The Deposit Refund Scheme (DRS) pertains to the return of recyclable materials (cans, bottles etc.), on which an extra amount (Rs 2 to 10) would be charged to consumers. The money would be refunded to those who return the materials. A Bengaluru-based company bagged the contract to install 300 reverse vending machines (RVM) in Goa. These were displayed at an exhibition at Campal, at the ESG, at the KTC bus terminus, and on 5 June, one was installed at INS Mandovi, Verem.
In May 2022, a pilot DRS was launched at the pilgrimage places of Kedarnath and Char Dham (Uttarakhand); in Aug 2025, during the Mani Mahesh Yatra (Himachal Pradesh); and at Ayodhya (Uttar Pradesh). This was to discourage lakhs of people from carrying and disposing plastic bottles at these holy places.
In Goa, there has been a movement against DRS due to several constraints that will hamper the return of materials and claiming refunds on them.
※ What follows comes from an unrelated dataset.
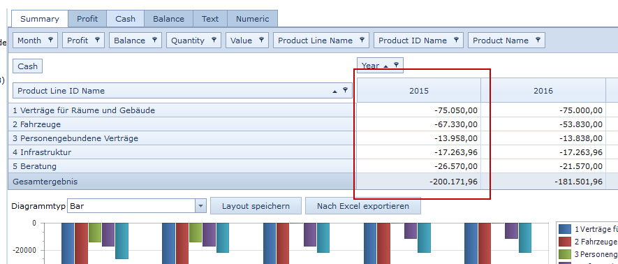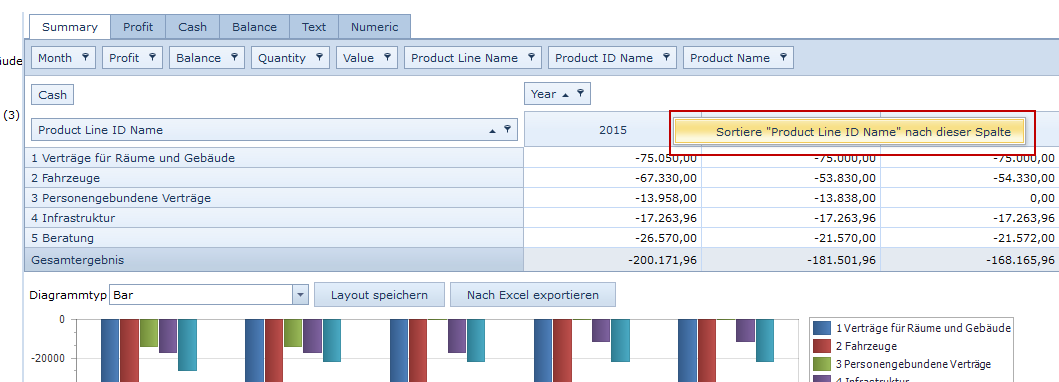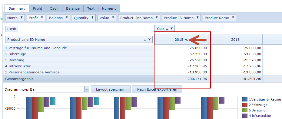 2) The line/column is now sorted in descending order. You can recognize that the column has been sorting by the two small, opposing arrows.

The government asserts that several panchayats have agreed to install the RVM. For some unknown reasons, the DRS is being thrust in Goa.
If the scheme is supposedly feasible, why is it not implemented in Karnataka? Karnataka’s current waste management is governed by Extended Producer Responsibility (EPR) guidelines under the Plastic Management Rules. The company could initiate DRS in Bengaluru as profits there would be much larger than in Goa.
There needs to be a re-think on the DRS. Instead of initially charging the consumers, those who return the materials could get a refund (Rs 2 or 3) for all types of recyclable products. This will encourage consumers, environmentally conscious people and ragpickers to use the RVM. This method is practised in some foreign countries.